Dan krijgen we de volgende vergelijking:

Het blijkt dat het segment AF in de driehoek AFD gelijk is aan 7,2 cm, vanaf hier berekenen we de hoogte van de trapezium DF met behulp van dezelfde stelling van Pythagoras:

Die. de hoogte van de trapeziumvormige ADCB zal gelijk zijn aan 9,6 cm. Hoe kun je er zeker van zijn dat het berekenen van de hoogte een meer mechanisch proces is, en gebaseerd is op het berekenen van de zijden en hoeken van driehoeken. Maar bij een aantal geometrieproblemen kunnen alleen de graden van de hoeken bekend zijn, in welk geval berekeningen zullen worden gemaakt aan de hand van de verhouding van de zijden van de interne driehoeken.

Belangrijk! In wezen wordt een trapezium vaak gezien als twee driehoeken, of als een combinatie van een rechthoek en een driehoek. Om 90% van alle problemen in schoolboeken op te lossen, de eigenschappen en kenmerken van deze cijfers. De meeste formules voor deze GMT zijn afgeleid op basis van de “mechanismen” voor de twee aangegeven soorten cijfers.

Hoe u snel de lengte van de basis kunt berekenen

Voordat u de basis van de trapezium vindt, is het noodzakelijk om te bepalen welke parameters al zijn gegeven en hoe u deze rationeel kunt gebruiken. Een praktische benadering is om de lengte van de onbekende basis uit de middellijnformule te halen. Laten we, voor een duidelijker beeld van de afbeelding, een voorbeeldtaak gebruiken om te laten zien hoe dit kan worden gedaan. Laat het bekend zijn dat de middelste lijn van het trapezium 7 cm is en dat een van de basissen 10 cm is. Zoek de lengte van de tweede basis.

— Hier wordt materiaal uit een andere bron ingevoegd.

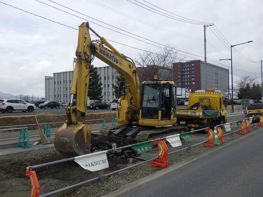 今ある舗装を剥がす作業で、綺麗に剝がしやすいように先に切れ目を入れ、 その切れ目に沿って舗装を剥ぐ作業を行いました。交通規制を行いながらの作業となりましたが、工事看板の設置や交通誘導警備員を配置し安全作業に努めております。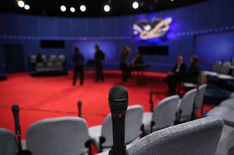 (Photo: Members of the production crew ready final preparations for the second presidential debate between U.S. President Barack Obama and Republican nominee Mitt Romney on October 16, 2012 in Hempstead, New York. The second presidential debate, a town-hall format with questions from the audience, will be held this evening at Hofstra University. By Win McNamee/Getty Images)

Oplossing: Wetende dat de middellijn gelijk is aan de helft van de som van de bases, kunnen we zeggen dat hun som 14 cm is.

(14 cm = 7 cm × 2). Uit de omstandigheden van het probleem weten we dat één ervan gelijk is aan 10 cm, dus de kleinere zijde van het trapezium zal gelijk zijn aan 4 cm (4 cm = 14 – 10).

Bovendien, voor een comfortabelere oplossing voor dit soort problemen, Wij raden u aan dergelijke formules grondig te leren vanuit het trapeziumgebied:

  • middellijn;
  • vierkant;
  • hoogte;
  • diagonalen.

Als u de essentie (precies de essentie) van deze berekeningen kent, kunt u eenvoudig de gewenste waarde achterhalen.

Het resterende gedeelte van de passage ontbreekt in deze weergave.